----- Input data -----

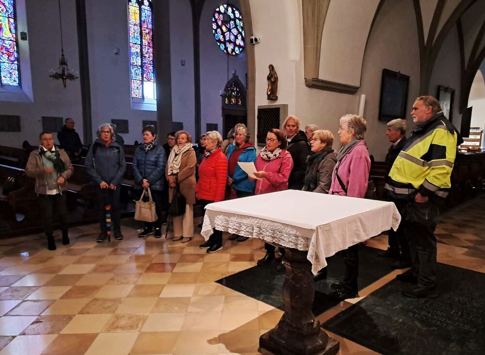 Den Abschluss bildete eine kurze Führung im Dom St. Nikolaus. Vor dem Marienaltar im Seitenschiff ließen wir das Lied „Ave Maria“ von Arcadelt erklingen, das unsere Bitten und unseren Dank für diesen gemeinsamen Ausflugstag ausdrücken sollte.
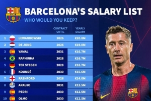 德轉列巴薩年薪榜:萊萬2080萬歐居首,德容1900萬歐次席
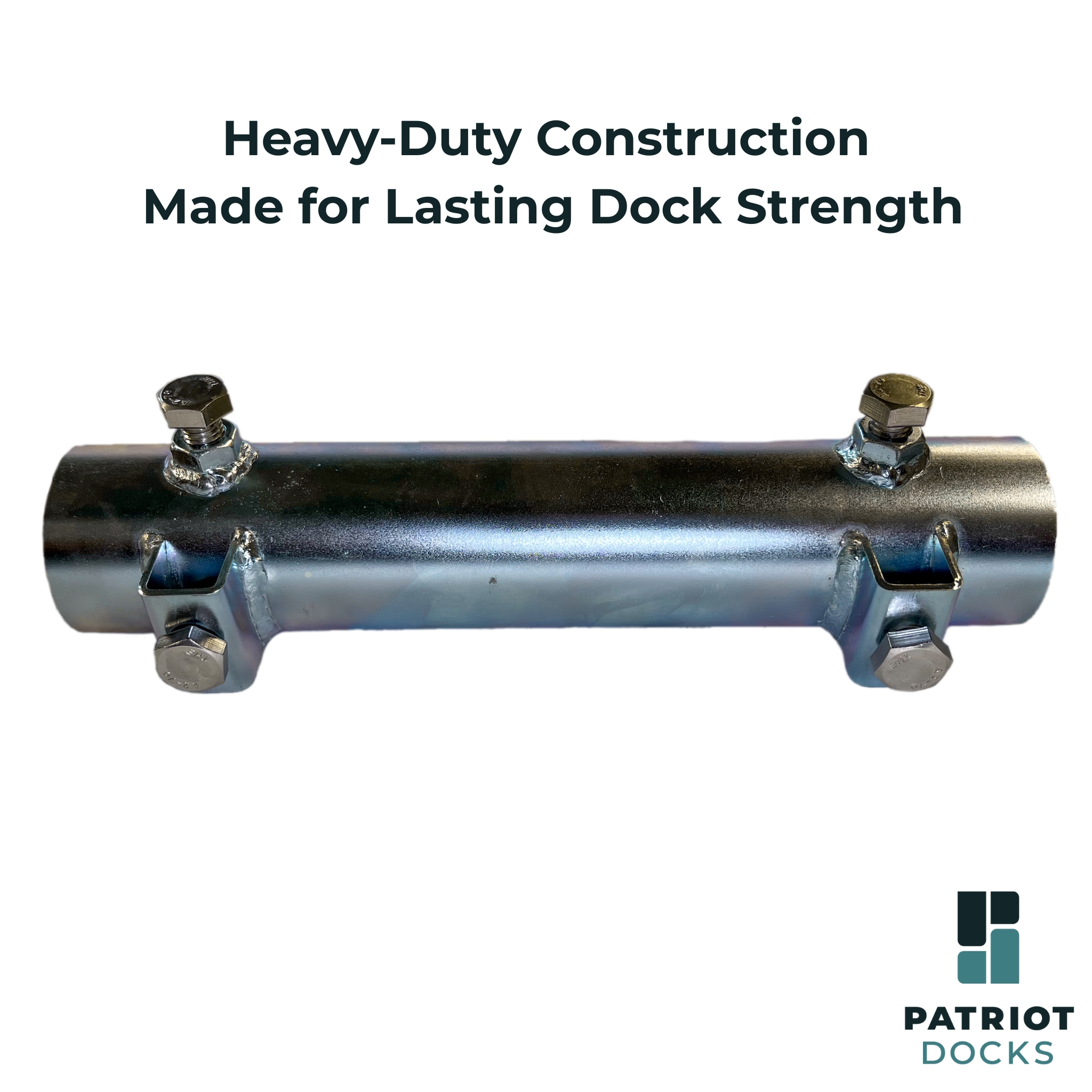 A Pipe Holder is a dock pipe sleeve that allows you to mount a new galvanized pipe to support your dock. Add Pipe Holders as dock supports for your dock! Take your pick of the Pipe Holder for Truss Frames or Low Profile frames. The difference between these pipe holders is the height of the frame to which they attach. That is to say, the dock pipe sleeve for trusses mount to our stationary and rolling dock frames or tall frames. Conversely, the LowPRO pipe holders mount to our Floating Dock frames or alternative frames as small as 4 inches tall. Both styles accommodate galvanized pipe up to 2″ OD. Both dock pipe sleeves allow for full adjustment along the entire height of the pipe.

-----

» **Instructions for the task**
The material above should be printed again exactly, with each picture left out.

» **Reply to the task**
 Den Abschluss bildete eine kurze Führung im Dom St. Nikolaus. Vor dem Marienaltar im Seitenschiff ließen wir das Lied „Ave Maria“ von Arcadelt erklingen, das unsere Bitten und unseren Dank für diesen gemeinsamen Ausflugstag ausdrücken sollte.
 德轉列巴薩年薪榜:萊萬2080萬歐居首,德容1900萬歐次席
 A Pipe Holder is a dock pipe sleeve that allows you to mount a new galvanized pipe to support your dock. Add Pipe Holders as dock supports for your dock! Take your pick of the Pipe Holder for Truss Frames or Low Profile frames. The difference between these pipe holders is the height of the frame to which they attach. That is to say, the dock pipe sleeve for trusses mount to our stationary and rolling dock frames or tall frames. Conversely, the LowPRO pipe holders mount to our Floating Dock frames or alternative frames as small as 4 inches tall. Both styles accommodate galvanized pipe up to 2″ OD. Both dock pipe sleeves allow for full adjustment along the entire height of the pipe.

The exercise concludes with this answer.